Jakarta, ICMES. Wakil Ketua Dewan Politik Hizbullah, Mahmoud Qamati, menyatakan pihaknya telah mencetak kemenangan setelah dua bulan kontinyu berjihad, sementara Israel tidak mencapai satupun tujuannya.
Gencatan senjata antara Hizbullah dan Israel mulai diterapkan pada dini hari Rabu (27/11) pukul 02.00 waktu Beirut.
Perjanjian yang dimediasi oleh AS dan Prancis ini menyudahi konfrontasi antara Hizbullah dan Israel yang berlangsung sejak 8 Oktober 2023, dan yang dalam dua bulan terakhir berubah menjadi perang terbuka yang sangat menghancurkan.
Akun Pemimpin Besar Iran, Ayatullah Sayid Ali Khamenei, di plaform X pada hari Rabu (27/11) memosting pernyataan yang menegaskan bahwa “Badai Al-Aqsa tidak dapat diredakan,” dan bahwa entitas pendudukan Israel akan musnah.
Berita selengkapnya:
Hizbullah Sebutkan Kerugian Israel, dan akan Gelar Prosesi Pemakaman Syahid Nasrallah dan Syahid Safiyuddin
Wakil Ketua Dewan Politik Hizbullah, Mahmoud Qamati, menyatakan pihaknya telah mencetak kemenangan setelah dua bulan kontinyu berjihad, sementara Israel tidak mencapai satupun tujuannya.

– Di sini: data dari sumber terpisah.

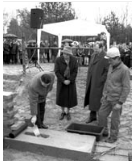
Wmurowanie aktu erekcyjnego

J.D.: Oczywiście, że pamiętam. W październiku 2003 roku ogłosiłem w gazecie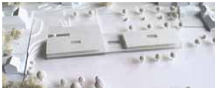
Die Nord- und Südansicht des Schulzentrums im Modell.

Das neue Schulzentrum stellt sich als ein langgezogener, zweigeschossiger Bau in Massivbauweise, der vermutlich auch Elemente aus Holz enthalten wird, dar. Das Gebäude passt sich an das pädagogische Konzept einer Cluster-Schule an, in der die Schülerinnen und Schüler in verschiedenen Gruppen wie auf einem Marktplatz arbeiten und sich für gemeinsame Aufgaben in Klassenzimmer zurückziehen können. Die Möglichkeit zur Umsetzung moderner altersgemäßer pädagogischer Konzepte war eine Voraussetzung für die Planer. Viele Räume sind mehrfach nutzbar, andererseits müssen einige technische Einrichtungen für beide Schulen nur einmal gebaut werden.

Dalam konferensi pers dari pinggiran selatan Beirut, Rabu (27/11), Mahmoud Qamati, mengatakan, “Kami meraih kemenangan hari ini setelah dua bulan berjihad, teguh dan bertekad secara terus menerus, dan musuh tidak mencapai tujuan apa pun.”
Dia menambahkan, “Kegigihan kubu perlawanan (Hizbullah) di selatan telah mengandaskan musuh dan juga menggagalkan agresi terhadap Timur Tengah… Apa yang terjadi saat ini adalah kemenangan bagi keamanan pan-Arab.”

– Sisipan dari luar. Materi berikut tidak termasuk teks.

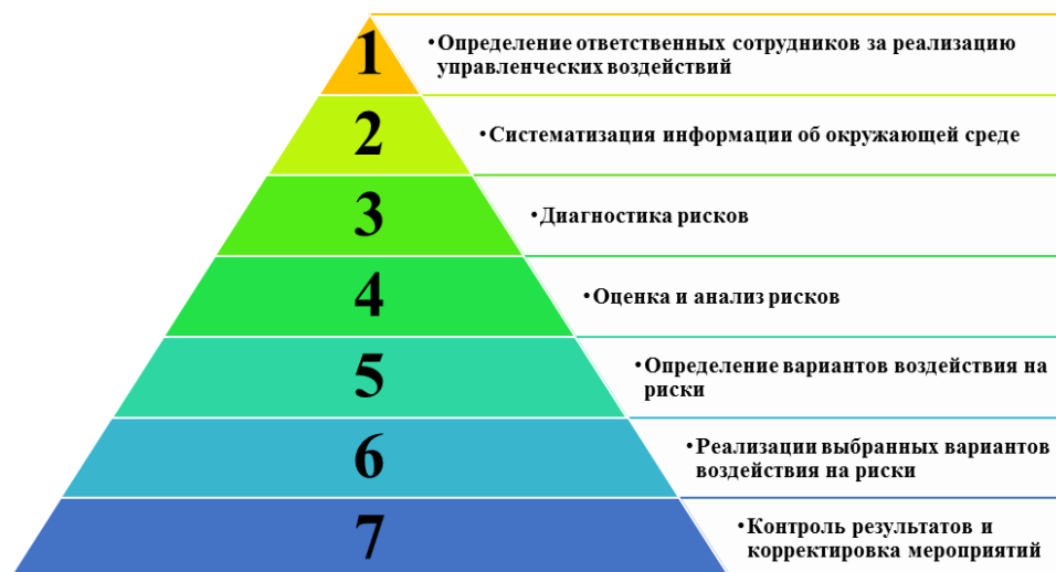
Рис. 2. Процесс реализации управленческих воздействий субъектами малого бизнеса по обеспечению экономической безопасности.

Fig. 2. The process of implementing management actions by small business entities to ensure economic security.

Dia menyampaikan ucapan selamat kepada komunitas dan masyarakat lingkungan Hizbullah, yang menurutnya, telah solid, tabah, sabar, setia dan berkorban dalam mendukung perlawanan.
“Kami pun setia kepada lingkungan ini,” sambungnya.
Mahmoud Qamati kemudian menyatakan bahwa pihaknya akan menyelenggarakan prosesi pemakaman Syahid Hassan Nasrallah dan Sayyid Hasyim Syafiyuddin.
“Prosesi ini akan menjadi referendum rakyat dan politik bagi pengadopsian metode perlawanan,” tuturnya.
Qamati juga mengatakan, “Kami akan menindaklanjuti masalah tawanan serta masalah rekonstruksi. … Saya katakan kepada khalayak Lebanon bahwa ketika musuh gagal mencapai tujuannya dan mencapai titik kebuntuan militer maka inilah kemenangan.”
Mengenai Palestina, dia menyatakan, “Hamas dan Jihad Islam berterima kasih kepada perlawanan dan para pemimpinnya, dan kami hari ini mengatakan bahwa kami tidak akan meninggalkan Palestina, yang merupakan urusan mendasar kita semua.”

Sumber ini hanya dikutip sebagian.